Description of the task: Go to the line with "產品信息 香奈兒24A羊絨羊毛圍巾黑色戴銀線閃C 小香家代表的黑色圍巾,在冬天是一條難求~" in the material below and copy from there through the line with "しらべぇ編集部では、アンケー", exactly. Pictures are not copied.

Records for processing:
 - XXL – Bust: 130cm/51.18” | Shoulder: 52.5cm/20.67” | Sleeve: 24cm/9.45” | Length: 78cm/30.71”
---
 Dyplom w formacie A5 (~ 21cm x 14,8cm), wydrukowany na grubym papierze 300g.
---
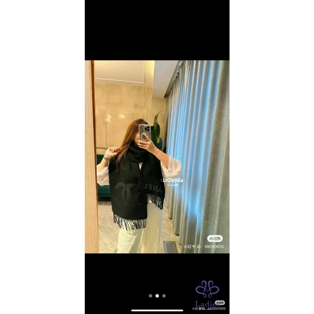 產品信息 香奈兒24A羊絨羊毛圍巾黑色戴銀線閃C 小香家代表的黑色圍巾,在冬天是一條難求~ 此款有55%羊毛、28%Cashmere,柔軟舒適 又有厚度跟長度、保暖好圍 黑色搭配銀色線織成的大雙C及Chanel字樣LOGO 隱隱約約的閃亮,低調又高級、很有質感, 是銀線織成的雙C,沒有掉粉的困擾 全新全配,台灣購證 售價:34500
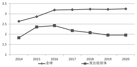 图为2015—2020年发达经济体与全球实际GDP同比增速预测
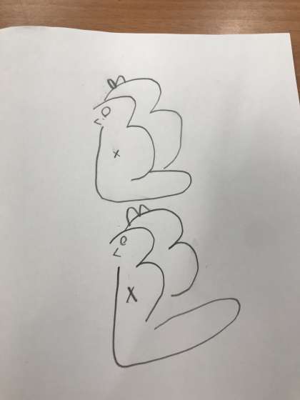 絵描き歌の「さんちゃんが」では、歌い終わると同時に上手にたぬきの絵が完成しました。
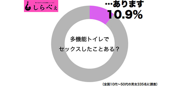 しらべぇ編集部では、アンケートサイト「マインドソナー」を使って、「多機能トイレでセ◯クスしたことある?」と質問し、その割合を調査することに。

Answer to the problem:
 產品信息 香奈兒24A羊絨羊毛圍巾黑色戴銀線閃C 小香家代表的黑色圍巾,在冬天是一條難求~ 此款有55%羊毛、28%Cashmere,柔軟舒適 又有厚度跟長度、保暖好圍 黑色搭配銀色線織成的大雙C及Chanel字樣LOGO 隱隱約約的閃亮,低調又高級、很有質感, 是銀線織成的雙C,沒有掉粉的困擾 全新全配,台灣購證 售價:34500
 图为2015—2020年发达经济体与全球实际GDP同比增速预测
 絵描き歌の「さんちゃんが」では、歌い終わると同時に上手にたぬきの絵が完成しました。
 しらべぇ編集部では、アンケートサイト「マインドソナー」を使って、「多機能トイレでセ◯クスしたことある?」と質問し、その割合を調査することに。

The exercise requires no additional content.